IRS: Bitcoin is property not money

Michael Cooney

The IRS today tried to clear up some of the ongoing row about how bitcoin and other virtual currencies would be treated come tax time.

"In some environments, virtual currency operates like "real" currency -- such as the coin and paper money of the United States or of any other country that is designated as legal tender, circulates, and is customarily used and accepted as a medium of exchange in the country of issuance -- but it does not have legal tender status in any jurisdiction, the IRS stated.
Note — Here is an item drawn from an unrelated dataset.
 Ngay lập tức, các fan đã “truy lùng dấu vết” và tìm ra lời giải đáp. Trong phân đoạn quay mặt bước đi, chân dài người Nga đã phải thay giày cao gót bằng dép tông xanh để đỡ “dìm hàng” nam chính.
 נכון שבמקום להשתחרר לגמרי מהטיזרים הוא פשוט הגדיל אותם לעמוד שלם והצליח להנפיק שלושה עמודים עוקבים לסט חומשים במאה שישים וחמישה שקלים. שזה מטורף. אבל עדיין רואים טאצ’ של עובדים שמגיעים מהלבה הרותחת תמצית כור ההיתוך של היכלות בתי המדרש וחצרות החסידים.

The IRS said general tax principles that apply to property transactions apply to transactions using virtual currency.  Among other things, the IRS says this means that:

  • Wages paid to employees using virtual currency are taxable to the employee, must be reported by an employer on a Form W-2, and are subject to federal income tax withholding and payroll taxes.
  • Payments using virtual currency made to independent contractors and other service providers are taxable and self-employment tax rules generally apply. Normally, payers must issue Form 1099.
  • The character of gain or loss from the sale or exchange of virtual currency depends on whether the virtual currency is a capital asset in the hands of the taxpayer.
  • A payment made using virtual currency is subject to information reporting to the same extent as any other payment made in property.

The tax agency also issued an FAQ (For a full version go here), that included these responses:

How is virtual currency treated for federal tax purposes?For federal tax purposes, virtual currency is treated as property. General tax principles applicable to property transactions apply to transactions using virtual currency.
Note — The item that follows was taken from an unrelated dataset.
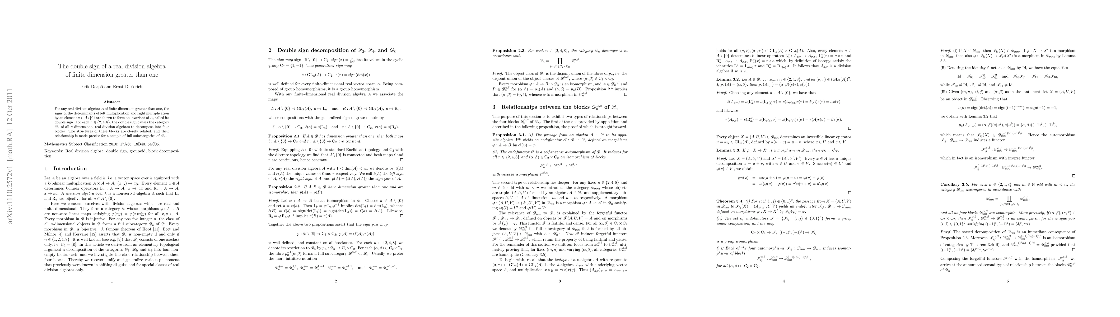 Research shows that real division algebras of finite dimension greater than one have an invariant called their double sign, which categorizes them into four blocks. This discovery has implications for the understanding of these algebraic structures.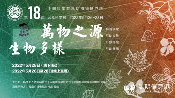 昆明信息港讯 《生物多样性公约》第十五次缔约方大会(COP15)第二阶段会议即将在昆明召开,为更好的向大众普及生物多样性知识,昆明植物所将于5月26-28日举办第十八届公众科学日暨全国科技活动周生物多样性轮值主场活动。 云南拥有从热带到寒温带的垂直气候带,自然生态系统丰富完整,是三个世界级的生物多样性热点地区的交汇区,生物物种异常丰富,蕴藏了中国约一半的植物物种,是中国生物多样性保护最关键的区域和重要的生态安全屏障。本次活动为期三天,以“万物之源 生物多样”为主题,将通过科普展览、科普报告、国家重点实验室开放、儿童绘画、小型森林音乐会等活动,为市民和游客呈现一场集视觉、触觉和听觉于一体的植物科普餮饕盛宴。

Is virtual currency treated as currency for purposes of determining whether a transaction results in foreign currency gain or loss under U.S. federal tax laws?No. Under currently applicable law, virtual currency is not treated as currency that could generate foreign currency gain or loss for U.S. federal tax purposes.

Must a taxpayer who receives virtual currency as payment for goods or services include in computing gross income the fair market value of the virtual currency?Yes. A taxpayer who receives virtual currency as payment for goods or services must, in computing gross income, include the fair market value of the virtual currency, measured in U.S. dollars, as of the date that the virtual currency was received.

What is the basis of virtual currency received as payment for goods or services in Q&A-3?The basis of virtual currency that a taxpayer receives as payment for goods or services in Q&A-3 is the fair market value of the virtual currency in U.S. dollars as of the date of receipt.

How is the fair market value of virtual currency determined?For U.S. tax purposes, transactions using virtual currency must be reported in U.S. dollars. Therefore, taxpayers will be required to determine the fair market value of virtual currency in U.S. dollars as of the date of payment or receipt. If a virtual currency is listed on an exchange and the exchange rate is established by market supply and demand, the fair market value of the virtual currency is determined by converting the virtual currency into U.S. dollars (or into another real currency which in turn can be converted into U.S. dollars) at the exchange rate, in a reasonable manner that is consistently applied.